------ Source data
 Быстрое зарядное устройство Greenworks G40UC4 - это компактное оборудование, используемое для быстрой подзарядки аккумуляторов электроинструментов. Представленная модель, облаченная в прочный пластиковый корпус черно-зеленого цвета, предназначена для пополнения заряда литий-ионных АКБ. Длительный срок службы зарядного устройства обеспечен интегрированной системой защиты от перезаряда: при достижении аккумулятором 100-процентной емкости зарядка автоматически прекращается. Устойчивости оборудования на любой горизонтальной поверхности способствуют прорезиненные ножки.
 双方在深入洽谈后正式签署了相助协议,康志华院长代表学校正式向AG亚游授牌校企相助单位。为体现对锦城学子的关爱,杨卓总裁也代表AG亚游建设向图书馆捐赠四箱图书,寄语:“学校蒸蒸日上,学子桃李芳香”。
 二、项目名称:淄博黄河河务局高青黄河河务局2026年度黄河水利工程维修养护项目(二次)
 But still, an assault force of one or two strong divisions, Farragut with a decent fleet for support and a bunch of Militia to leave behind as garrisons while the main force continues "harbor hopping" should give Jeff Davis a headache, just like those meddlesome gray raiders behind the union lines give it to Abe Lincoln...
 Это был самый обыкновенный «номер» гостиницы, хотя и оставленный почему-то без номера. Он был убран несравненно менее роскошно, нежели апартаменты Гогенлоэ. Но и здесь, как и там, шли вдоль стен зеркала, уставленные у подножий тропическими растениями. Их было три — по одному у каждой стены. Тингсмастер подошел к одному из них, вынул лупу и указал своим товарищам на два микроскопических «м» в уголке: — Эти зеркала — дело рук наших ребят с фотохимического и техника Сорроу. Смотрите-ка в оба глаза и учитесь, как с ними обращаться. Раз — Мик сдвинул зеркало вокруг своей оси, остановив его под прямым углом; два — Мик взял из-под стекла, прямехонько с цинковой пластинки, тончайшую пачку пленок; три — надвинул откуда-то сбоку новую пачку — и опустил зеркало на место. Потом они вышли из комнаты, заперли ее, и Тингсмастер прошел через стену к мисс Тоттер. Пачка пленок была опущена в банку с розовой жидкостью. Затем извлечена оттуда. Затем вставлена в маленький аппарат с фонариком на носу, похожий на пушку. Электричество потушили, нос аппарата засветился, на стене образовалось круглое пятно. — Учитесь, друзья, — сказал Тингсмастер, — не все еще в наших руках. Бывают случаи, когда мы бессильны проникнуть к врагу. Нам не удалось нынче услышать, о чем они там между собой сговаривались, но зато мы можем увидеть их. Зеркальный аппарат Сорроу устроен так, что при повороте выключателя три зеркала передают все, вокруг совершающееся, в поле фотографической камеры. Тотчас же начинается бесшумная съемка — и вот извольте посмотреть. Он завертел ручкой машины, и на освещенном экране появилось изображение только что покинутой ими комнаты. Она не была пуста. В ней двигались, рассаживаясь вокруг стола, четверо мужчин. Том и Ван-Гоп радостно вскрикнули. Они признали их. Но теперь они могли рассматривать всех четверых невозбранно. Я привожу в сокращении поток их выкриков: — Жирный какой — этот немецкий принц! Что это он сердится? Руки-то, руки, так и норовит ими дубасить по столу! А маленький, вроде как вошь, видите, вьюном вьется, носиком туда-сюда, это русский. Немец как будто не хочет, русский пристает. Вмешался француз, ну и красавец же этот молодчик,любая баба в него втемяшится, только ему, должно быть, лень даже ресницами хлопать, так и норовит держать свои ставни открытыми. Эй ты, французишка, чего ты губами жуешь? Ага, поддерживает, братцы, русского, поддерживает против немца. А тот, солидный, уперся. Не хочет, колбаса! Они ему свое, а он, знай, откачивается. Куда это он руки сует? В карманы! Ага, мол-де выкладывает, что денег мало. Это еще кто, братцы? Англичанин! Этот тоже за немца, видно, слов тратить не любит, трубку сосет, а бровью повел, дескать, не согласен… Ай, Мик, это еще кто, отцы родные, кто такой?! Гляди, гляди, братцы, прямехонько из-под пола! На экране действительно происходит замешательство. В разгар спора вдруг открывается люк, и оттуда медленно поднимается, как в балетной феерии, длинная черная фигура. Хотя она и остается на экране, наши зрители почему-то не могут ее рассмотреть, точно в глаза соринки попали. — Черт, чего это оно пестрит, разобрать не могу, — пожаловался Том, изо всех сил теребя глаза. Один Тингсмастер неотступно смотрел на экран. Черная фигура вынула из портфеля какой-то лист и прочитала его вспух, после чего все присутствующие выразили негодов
------------
------ Source data
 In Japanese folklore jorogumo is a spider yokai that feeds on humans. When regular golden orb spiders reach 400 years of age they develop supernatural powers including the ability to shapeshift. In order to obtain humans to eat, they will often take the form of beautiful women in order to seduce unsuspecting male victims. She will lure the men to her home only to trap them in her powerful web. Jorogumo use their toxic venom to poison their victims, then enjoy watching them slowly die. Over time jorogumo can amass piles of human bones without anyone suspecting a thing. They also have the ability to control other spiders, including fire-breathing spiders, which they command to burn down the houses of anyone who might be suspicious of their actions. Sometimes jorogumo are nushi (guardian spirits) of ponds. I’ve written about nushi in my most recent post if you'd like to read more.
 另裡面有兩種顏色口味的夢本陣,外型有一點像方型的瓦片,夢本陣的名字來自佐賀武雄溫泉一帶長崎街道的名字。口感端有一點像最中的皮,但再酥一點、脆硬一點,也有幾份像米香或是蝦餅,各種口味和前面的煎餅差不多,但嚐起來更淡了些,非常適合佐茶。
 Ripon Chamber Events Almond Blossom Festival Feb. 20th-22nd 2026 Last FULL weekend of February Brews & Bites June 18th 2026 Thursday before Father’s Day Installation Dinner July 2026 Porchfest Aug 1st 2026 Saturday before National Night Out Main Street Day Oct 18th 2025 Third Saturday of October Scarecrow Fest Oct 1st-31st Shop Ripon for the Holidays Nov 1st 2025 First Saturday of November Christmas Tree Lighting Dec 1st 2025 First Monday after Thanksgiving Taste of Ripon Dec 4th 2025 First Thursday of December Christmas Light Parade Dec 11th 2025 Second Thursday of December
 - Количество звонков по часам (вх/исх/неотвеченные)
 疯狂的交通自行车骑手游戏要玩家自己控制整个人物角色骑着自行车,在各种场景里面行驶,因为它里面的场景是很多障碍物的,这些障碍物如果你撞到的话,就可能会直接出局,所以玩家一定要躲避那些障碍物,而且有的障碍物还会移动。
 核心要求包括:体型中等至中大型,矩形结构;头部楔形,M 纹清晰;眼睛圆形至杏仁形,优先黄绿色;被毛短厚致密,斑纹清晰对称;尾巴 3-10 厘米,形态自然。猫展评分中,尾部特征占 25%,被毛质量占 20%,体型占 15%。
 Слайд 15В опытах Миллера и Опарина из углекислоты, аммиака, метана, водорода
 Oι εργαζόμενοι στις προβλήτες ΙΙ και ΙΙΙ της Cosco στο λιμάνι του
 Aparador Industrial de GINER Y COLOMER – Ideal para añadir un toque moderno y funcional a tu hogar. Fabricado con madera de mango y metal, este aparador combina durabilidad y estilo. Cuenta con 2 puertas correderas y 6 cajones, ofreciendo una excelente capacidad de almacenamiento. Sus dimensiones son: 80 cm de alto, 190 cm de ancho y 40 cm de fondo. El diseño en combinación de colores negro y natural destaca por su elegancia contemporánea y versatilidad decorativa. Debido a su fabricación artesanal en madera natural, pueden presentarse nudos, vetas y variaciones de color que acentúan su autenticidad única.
------------
------ Source data
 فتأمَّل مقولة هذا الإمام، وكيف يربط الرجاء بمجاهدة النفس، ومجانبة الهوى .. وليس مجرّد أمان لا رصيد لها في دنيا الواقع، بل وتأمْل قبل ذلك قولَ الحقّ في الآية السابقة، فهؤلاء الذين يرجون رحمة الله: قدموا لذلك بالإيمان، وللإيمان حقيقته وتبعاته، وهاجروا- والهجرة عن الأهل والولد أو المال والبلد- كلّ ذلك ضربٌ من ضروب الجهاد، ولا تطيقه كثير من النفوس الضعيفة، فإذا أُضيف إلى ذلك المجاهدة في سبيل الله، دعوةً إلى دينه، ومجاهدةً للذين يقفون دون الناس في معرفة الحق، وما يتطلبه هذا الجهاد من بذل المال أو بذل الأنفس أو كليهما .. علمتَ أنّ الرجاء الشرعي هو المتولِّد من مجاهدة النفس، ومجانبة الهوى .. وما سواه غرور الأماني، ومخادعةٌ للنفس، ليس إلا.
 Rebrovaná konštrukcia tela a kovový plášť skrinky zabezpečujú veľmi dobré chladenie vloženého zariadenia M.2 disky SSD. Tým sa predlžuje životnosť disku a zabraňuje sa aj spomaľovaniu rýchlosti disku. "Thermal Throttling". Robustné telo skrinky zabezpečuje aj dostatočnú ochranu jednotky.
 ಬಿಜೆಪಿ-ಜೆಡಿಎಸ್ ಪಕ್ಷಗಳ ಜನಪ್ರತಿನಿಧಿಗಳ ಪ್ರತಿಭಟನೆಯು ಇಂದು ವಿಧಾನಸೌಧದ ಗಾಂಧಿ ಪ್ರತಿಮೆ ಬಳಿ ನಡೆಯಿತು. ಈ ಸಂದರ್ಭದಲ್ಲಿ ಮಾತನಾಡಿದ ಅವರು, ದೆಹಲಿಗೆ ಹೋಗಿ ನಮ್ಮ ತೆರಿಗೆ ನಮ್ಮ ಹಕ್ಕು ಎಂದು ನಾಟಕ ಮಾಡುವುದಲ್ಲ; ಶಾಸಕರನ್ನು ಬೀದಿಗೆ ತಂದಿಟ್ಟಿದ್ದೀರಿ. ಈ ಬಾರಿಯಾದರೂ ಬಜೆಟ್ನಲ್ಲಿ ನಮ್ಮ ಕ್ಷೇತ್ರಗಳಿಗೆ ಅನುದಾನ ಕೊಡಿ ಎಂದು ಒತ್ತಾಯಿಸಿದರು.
------------
(Assignment): Only the lines above starting at the one containing "另裡面有兩種顏色口味的夢本陣" and ending at the one containing "25%,被毛质量占 20%,体型占 15%。", both included, are to be returned, exactly as they read.

(Answer for the task):
 另裡面有兩種顏色口味的夢本陣,外型有一點像方型的瓦片,夢本陣的名字來自佐賀武雄溫泉一帶長崎街道的名字。口感端有一點像最中的皮,但再酥一點、脆硬一點,也有幾份像米香或是蝦餅,各種口味和前面的煎餅差不多,但嚐起來更淡了些,非常適合佐茶。
 Ripon Chamber Events Almond Blossom Festival Feb. 20th-22nd 2026 Last FULL weekend of February Brews & Bites June 18th 2026 Thursday before Father’s Day Installation Dinner July 2026 Porchfest Aug 1st 2026 Saturday before National Night Out Main Street Day Oct 18th 2025 Third Saturday of October Scarecrow Fest Oct 1st-31st Shop Ripon for the Holidays Nov 1st 2025 First Saturday of November Christmas Tree Lighting Dec 1st 2025 First Monday after Thanksgiving Taste of Ripon Dec 4th 2025 First Thursday of December Christmas Light Parade Dec 11th 2025 Second Thursday of December
 - Количество звонков по часам (вх/исх/неотвеченные)
 疯狂的交通自行车骑手游戏要玩家自己控制整个人物角色骑着自行车,在各种场景里面行驶,因为它里面的场景是很多障碍物的,这些障碍物如果你撞到的话,就可能会直接出局,所以玩家一定要躲避那些障碍物,而且有的障碍物还会移动。
 核心要求包括:体型中等至中大型,矩形结构;头部楔形,M 纹清晰;眼睛圆形至杏仁形,优先黄绿色;被毛短厚致密,斑纹清晰对称;尾巴 3-10 厘米,形态自然。猫展评分中,尾部特征占 25%,被毛质量占 20%,体型占 15%。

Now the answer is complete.